Users are often confronted with large, unannotated digital document datasets (e.g., court proceedings, presidential libraries, WikiLeaks), and they must make sense of them quickly.
Start: August 1, 2014
End: July 31, 2018
Contract Terms: Funded by National Science Foundation
- Principal Investigator: Eric Ringger Co-Investigator: Kevin Seppi
- Website: https://facwiki.cs.byu.edu/nlp/index.php/Main_Page
- Project Description:
Existing search tools are not particularly useful for datasets when the user does not know what to look for. The computer-aided discovery of important trends and patterns in such collections can make these collections more valuable and informative. Topic models
such as latent Dirichlet allocation (LDA) are a common tool for addressing such information needs, but these tools are often presented to users as a “take it or leave it” proposition.
Effective methods should use the insights and deep knowledge of the users seeking to understand these collections. Research into effective environments for information exploration has traditionally been represented by two distinct research areas: models and interfaces. Machine learning researchers build ever more complicated models, and human-computer interaction researchers build shiny interfaces assuming a static model. The lack of communication between these groups comes at a price: for many years the objective function of the machine learning researchers making topic models—likelihood on held-out data—negatively correlated with human judgments of topic model quality. Similarly, existing interfaces do not allow the user to correct or guide topic models.

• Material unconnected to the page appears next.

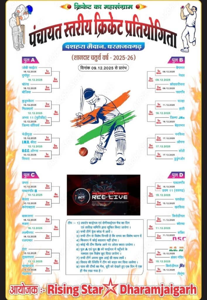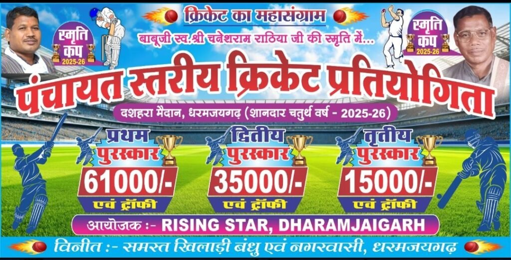 धरमजयगढ़ –  दशहरा मैदान एक बार फिर क्रिकेट के रोमांच से गूंजने वाला है। स्वर्गीय श्री चनेशराम राठिया जी की स्मृति में आयोजित होने वाली पंचायत स्तरीय क्रिकेट प्रतियोगिता स्मृति कप 2025-26 की तैयारियाँ पूरी हो चुकी हैं। आयोजनकर्ता राइजिंग स्टार, धरमजयगढ़ ने इस वर्ष टूर्नामेंट को पहले से भी अधिक भव्य और व्यवस्थित रूप देने का दावा किया है। प्रतियोगिता का शुभारंभ 9 दिसंबर 2025 से होगा, जिसमें कई पंचायतों की टीमें अलग-अलग पूलों में भिड़ेंगी। प्रतिभागी टीमों के बीच 9 से 12 दिसंबर तक बेहद रोमांचक मुकाबलों की पूरी संभावना है।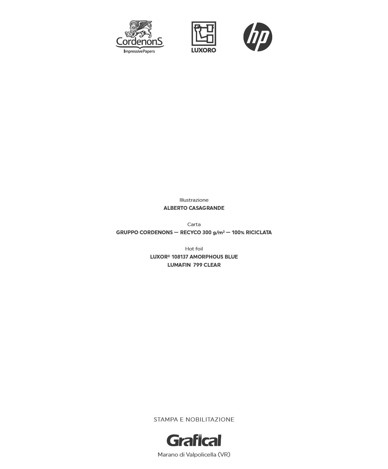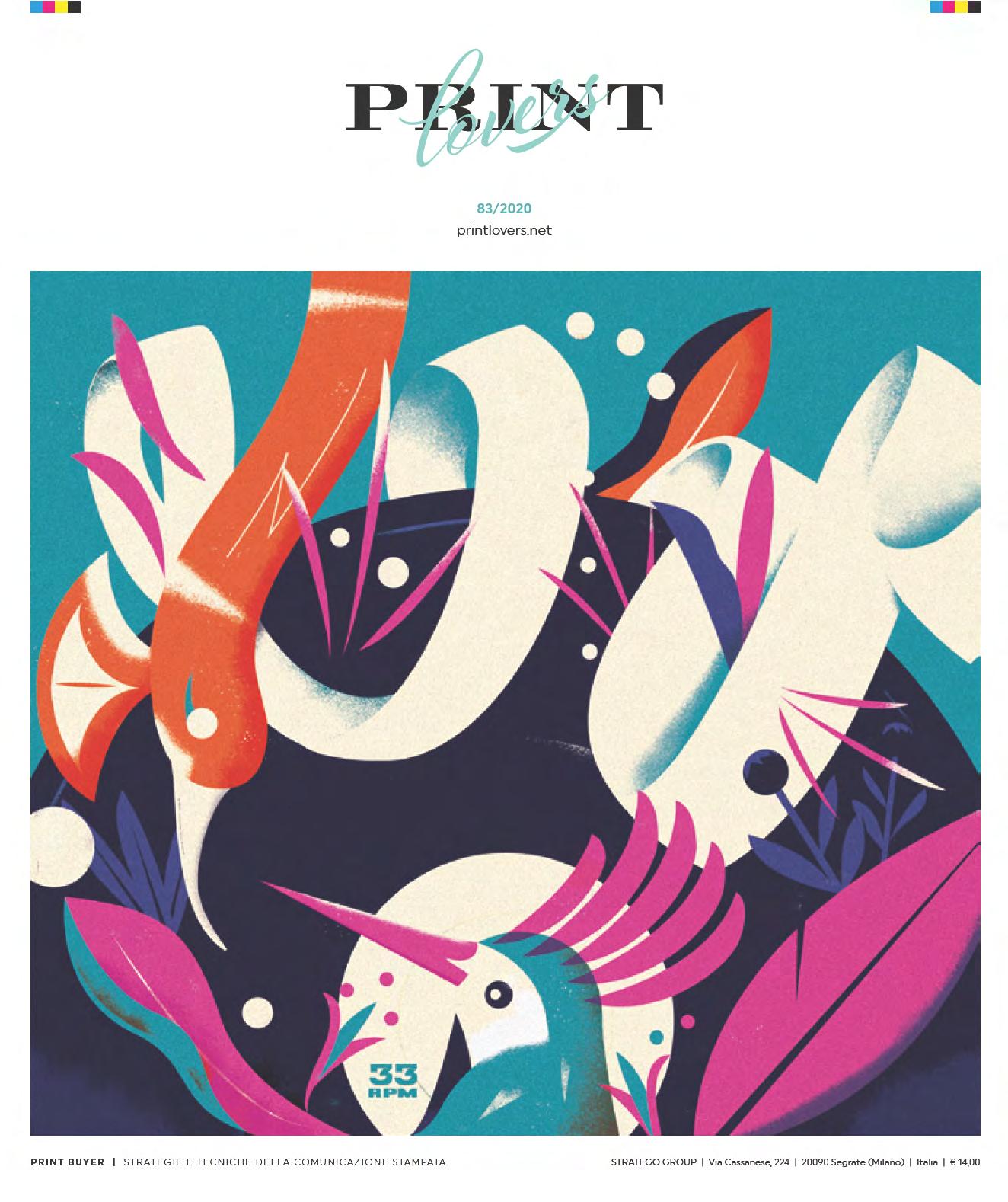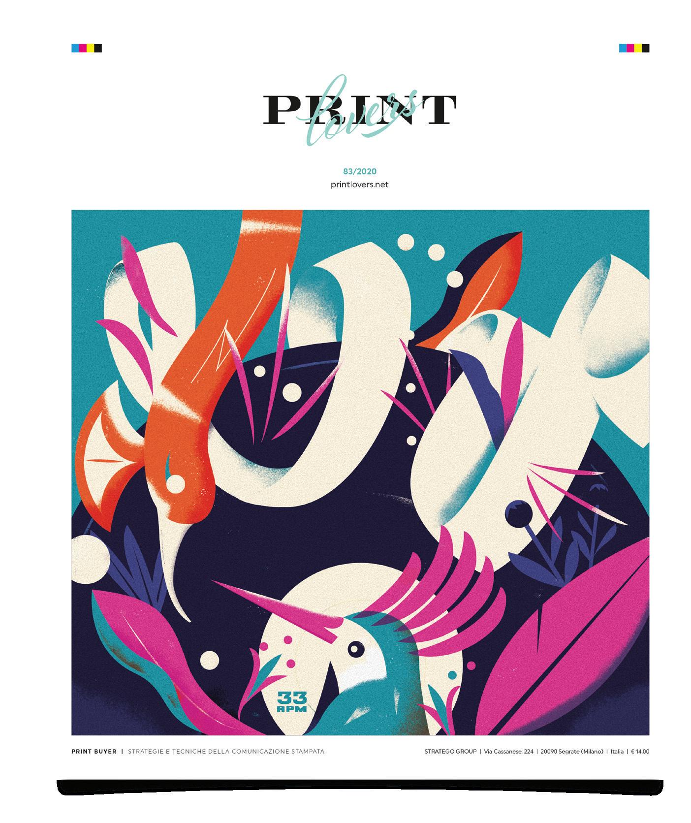 L’illustrazione dedicata alla musica è stampata con tecnologia digitale HP Indigo, più due successivi passaggi a caldo. La stampa digitale ha permesso la realizzazione di 15 versioni diverse della controcopertina grazie all’uso del dato variabile. Sono state create 15 coppie di colori abbinate a scritte che richiamano ogni volta un genere musicale diverso utilizzando i nuovi colori fluo di HP Indigo: rosa, giallo, verde e arancione.

This proposal corrects this dichotomy by bringing together machine learning researchers with human-computer interaction researchers to build topic model interfaces that allow users to interactively refine the entirety of the topic modeling process: the number and granularity of topics, vocabulary selection—the words considered (or ignored) by the model —and finally interactive constraints on what words appear together in topics. Moreover, documents do not appear in isolation; effective analysis must also include document metadata, which allow users to explore and interact with the data through a metadata map interface. While these options have been usable by and accessible to machine learning experts for years, they have not been incorporated into new, more broadly
This research provides advances in all three areas: new machine-learning models focused on user needs along with efficient scalable inference for such Bayesian models, new visualizations and interfaces for interactive machine learning, and evaluations. Compared to static topic modeling approaches, our new topic models will better incorporate the effect of metadata to discover coherent topics, use active learning to better discover useful annotations, and more efficiently represent topic distributions to allow interactive vocabulary modification. This work will also create new interfaces for interactive vocabulary discovery, which while important for unsupervised learning (such as topic modeling), will likely also help those investigating supervised learning.
The work will be of significance to anyone in possession of large collections of text, including libraries, courts, publishers, scholars, and forensics experts. Topic models have increased in importance outside of computer science and have been adopted by digital humanists and social scientists. More flexible tools to dig through large text datasets will allow them to more efficiently conduct and communicate their research.